• RECORDS TO PROCESS:
►

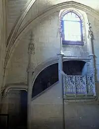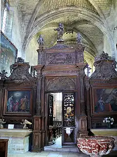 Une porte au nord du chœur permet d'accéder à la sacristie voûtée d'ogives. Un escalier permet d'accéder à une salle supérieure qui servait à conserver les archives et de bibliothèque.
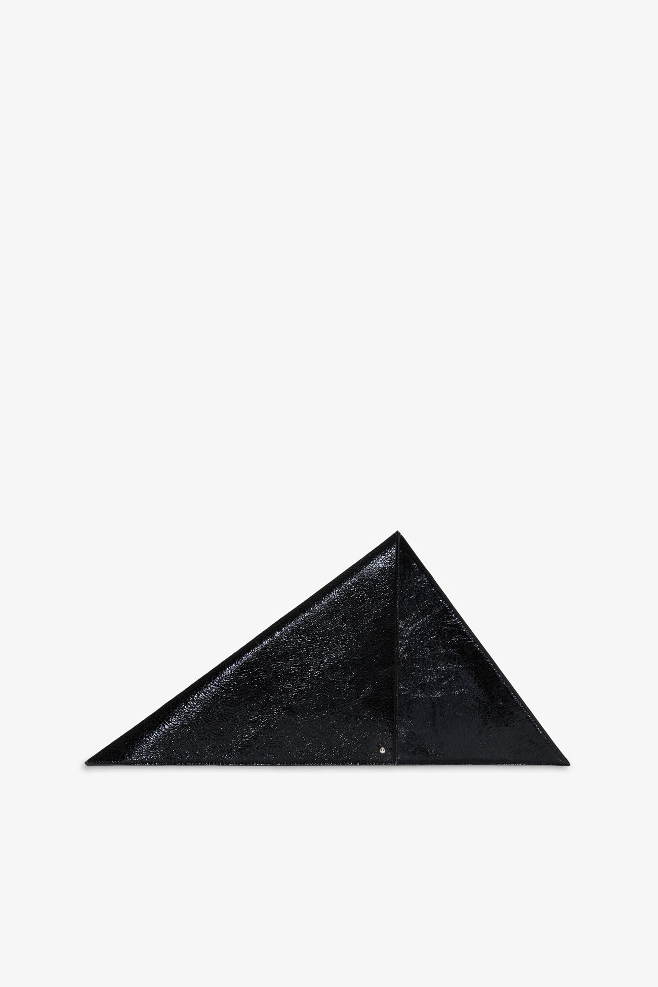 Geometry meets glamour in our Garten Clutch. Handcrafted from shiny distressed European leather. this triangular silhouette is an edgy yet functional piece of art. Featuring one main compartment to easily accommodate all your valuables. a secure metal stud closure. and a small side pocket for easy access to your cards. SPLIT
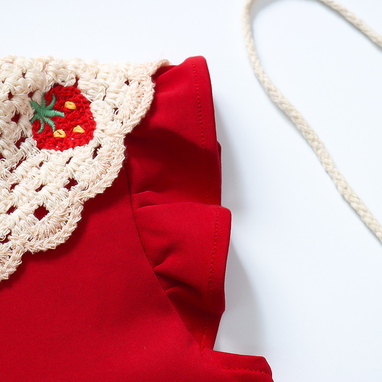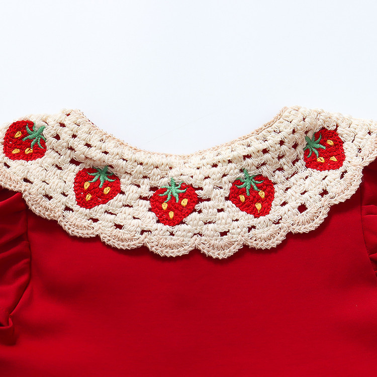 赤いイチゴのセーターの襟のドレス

◄
►

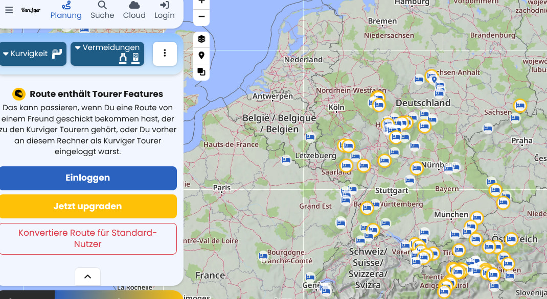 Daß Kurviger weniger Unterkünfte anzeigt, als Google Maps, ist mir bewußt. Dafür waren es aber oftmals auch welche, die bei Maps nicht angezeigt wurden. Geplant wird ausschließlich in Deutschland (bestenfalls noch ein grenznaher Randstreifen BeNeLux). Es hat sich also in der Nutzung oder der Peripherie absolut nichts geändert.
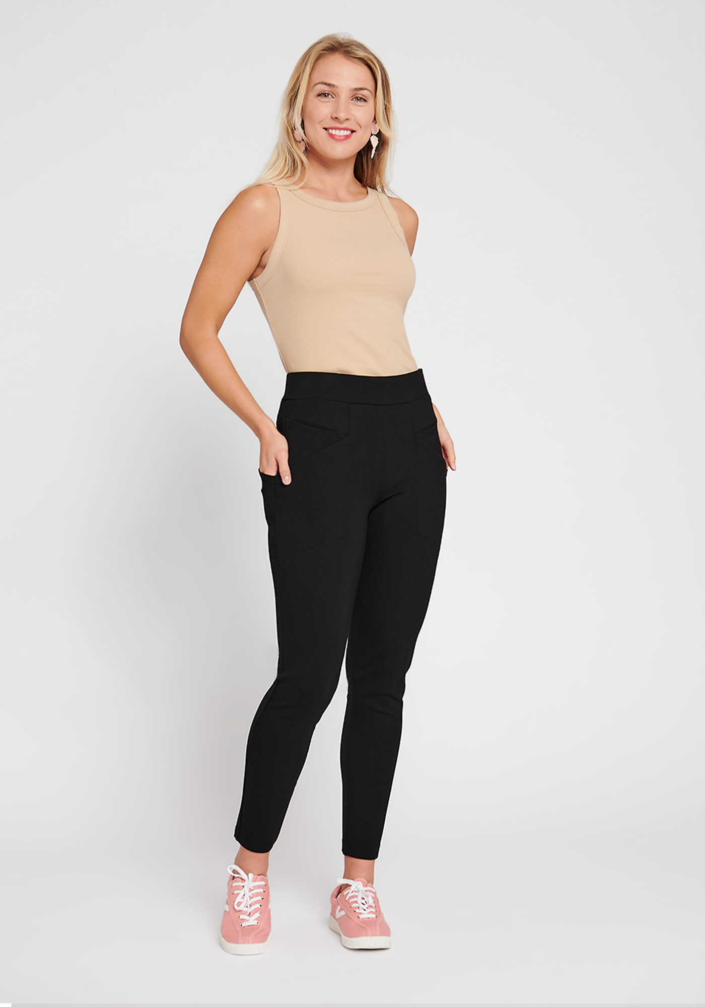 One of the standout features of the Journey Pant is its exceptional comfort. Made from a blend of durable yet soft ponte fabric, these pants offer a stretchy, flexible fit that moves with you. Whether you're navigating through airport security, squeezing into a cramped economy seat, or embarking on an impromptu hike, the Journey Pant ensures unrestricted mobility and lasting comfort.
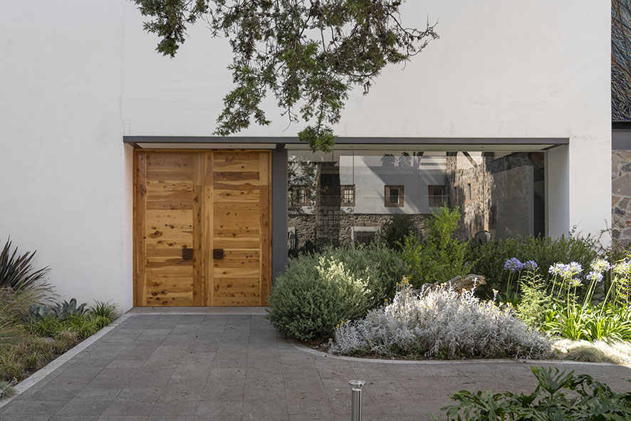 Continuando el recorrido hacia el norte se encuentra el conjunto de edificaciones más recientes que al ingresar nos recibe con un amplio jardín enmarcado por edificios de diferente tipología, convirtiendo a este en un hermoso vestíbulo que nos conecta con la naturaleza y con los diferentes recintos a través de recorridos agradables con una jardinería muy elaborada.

◄

From the listing above, please give again the lines that begin with the line holding "Geometry meets glamour" and go on through the line holding "赤いイチゴのセーターの襟のドレス", exactly, both ends included, minus any picture.

 Geometry meets glamour in our Garten Clutch. Handcrafted from shiny distressed European leather. this triangular silhouette is an edgy yet functional piece of art. Featuring one main compartment to easily accommodate all your valuables. a secure metal stud closure. and a small side pocket for easy access to your cards. SPLIT
 赤いイチゴのセーターの襟のドレス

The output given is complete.